Suppose \begin{align} A=\begin{pmatrix} \frac{1}{\sqrt{n}}&\frac{1}{\sqrt{n}}&\frac{1}{\sqrt{n}}&\cdots&\frac{1}{\sqrt{n}} \\&&P \end{pmatrix} \end{align}
is a real orthogonal matrix of size $n\times n$, where the matrix $P$ is of size $(n-1)\times n$.
I have to show that $$P^\top P=I-\frac{1}{n}\mathbf1\mathbf1^{\top}\tag{1}$$
where $\mathbf1$ is an $n$ component column vector of all ones.
The choice of $P$ is certainly not unique. The most obvious choice to me is that $P$ for which $A$ is a Helmert matrix:
\begin{align} P=\begin{pmatrix} \frac{1}{\sqrt{2}}&-\frac{1}{\sqrt{2}}&0&0&\cdots&0&0 \\\frac{1}{\sqrt{6}}&\frac{1}{\sqrt{6}}&-\frac{2}{\sqrt{6}}&0&\cdots&0&0 \\\vdots&\vdots&\vdots&\vdots&\ddots&\vdots&\vdots \\\frac{1}{\sqrt{n(n-1)}}&\frac{1}{\sqrt{n(n-1)}}&\frac{1}{\sqrt{n(n-1)}}&\frac{1}{\sqrt{n(n-1)}}&\cdots&\frac{1}{\sqrt{n(n-1)}}&\frac{-(n-1)}{\sqrt{n(n-1)}} \end{pmatrix} \end{align}
I could now verify that $(1)$ holds true for this $P$ but that does not prove anything.
How do I find a general form of the matrix $P$ so that $A$ is an orthogonal matrix?
Or is it possible to prove $(1)$ without explicitly finding $P$? Any hint would be great.
It is certainly possible to prove your result without finding $P$. One way to do this efficiently is to use block-matrix multiplication.
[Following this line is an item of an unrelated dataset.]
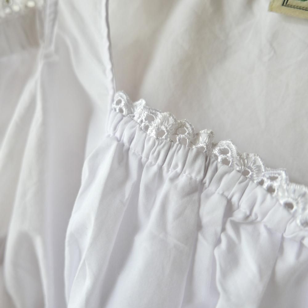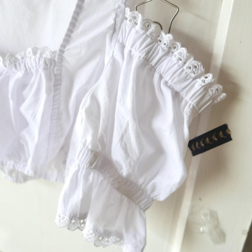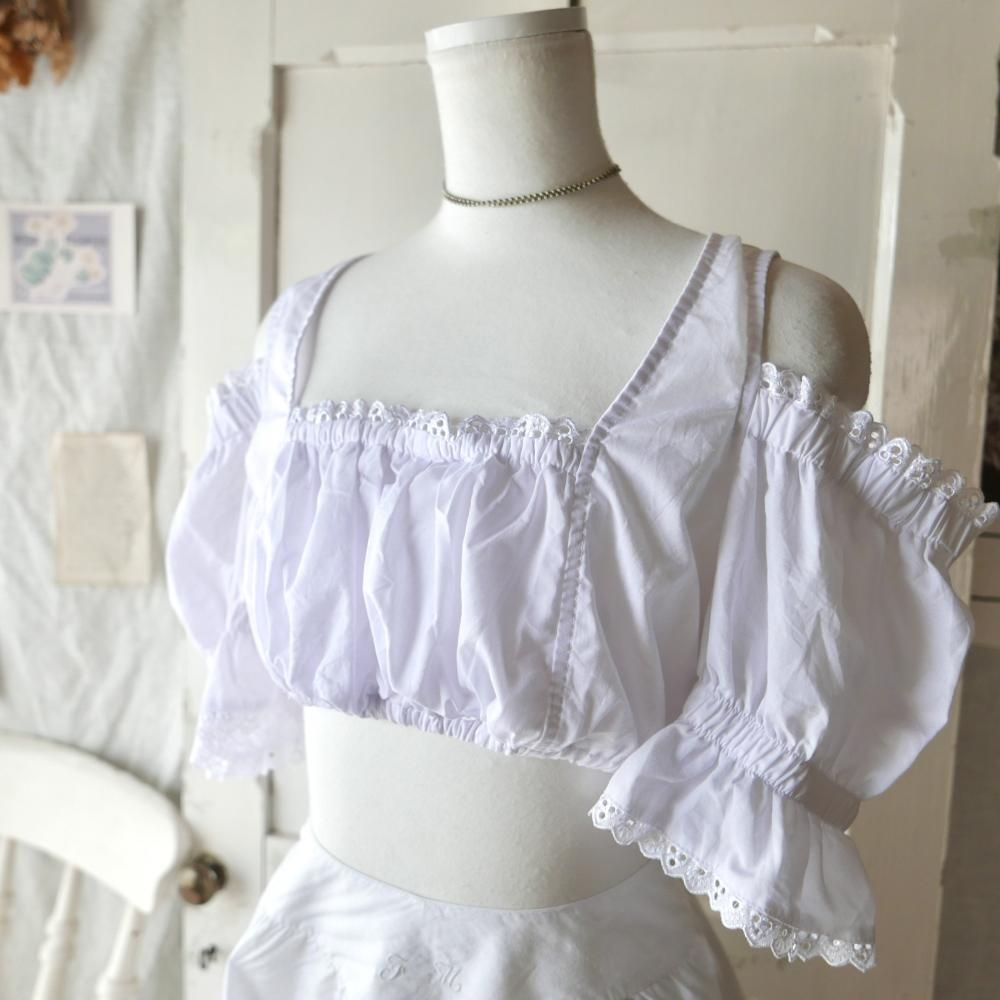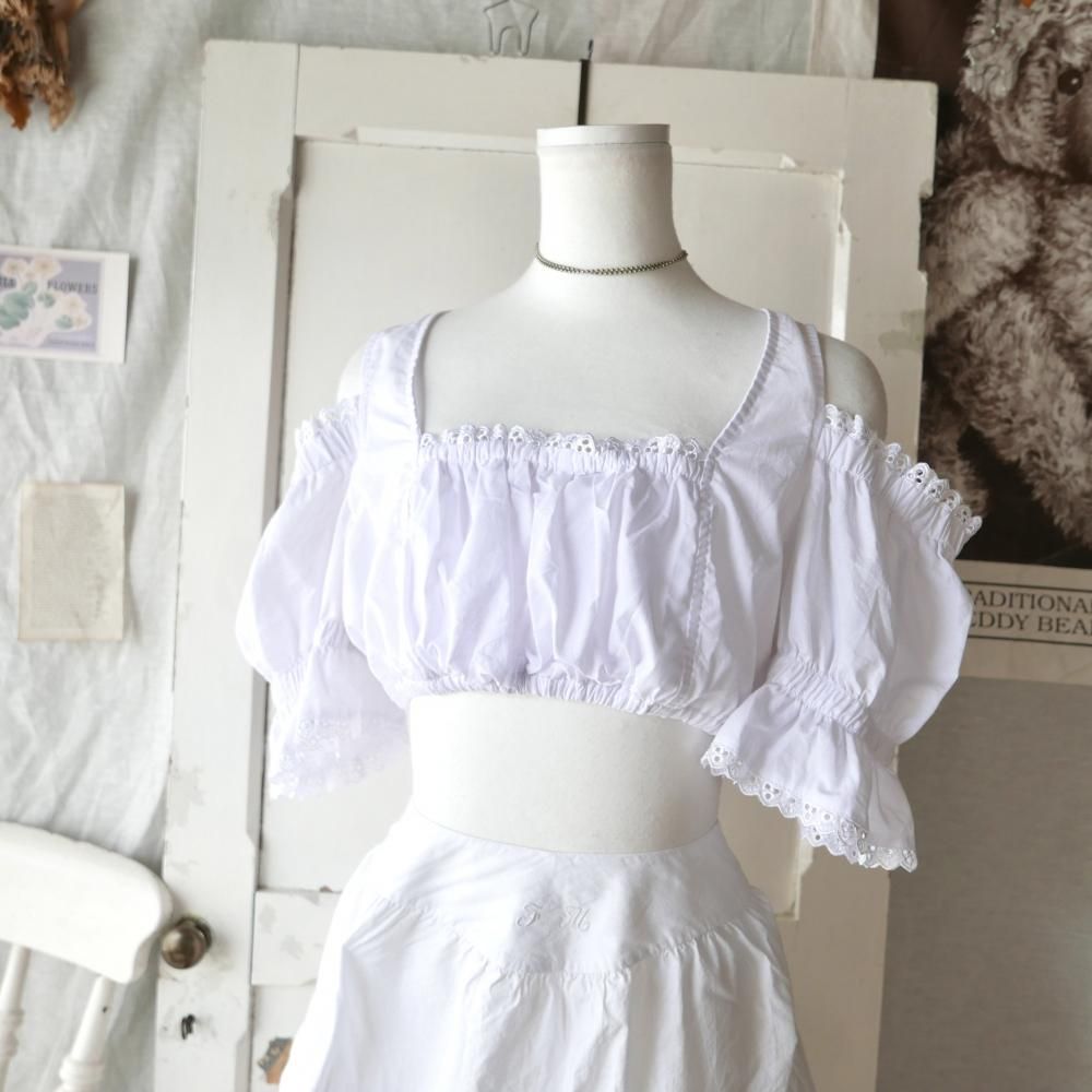 人気のホワイトのチロルブラウス。肩見せオフショルダー。フラワーモチーフのカットワークレースで縁取られた可憐なデザイン。裾はゴムでゆったりめ。

In your case, I would write $$ A = \pmatrix{\frac 1{\sqrt n} 1^T\\ P} $$ The matrices $A$ and $A^T$ are partitioned conformally. As such, we can compute $$ A^TA = \pmatrix{\frac 1{\sqrt{n}}1 & P^T}\pmatrix{\frac 1{\sqrt n} 1^T\\ P} = \frac 1n 11^T + P^TP $$ Now, $A$ is orthogonal if and only if $A^TA = I$.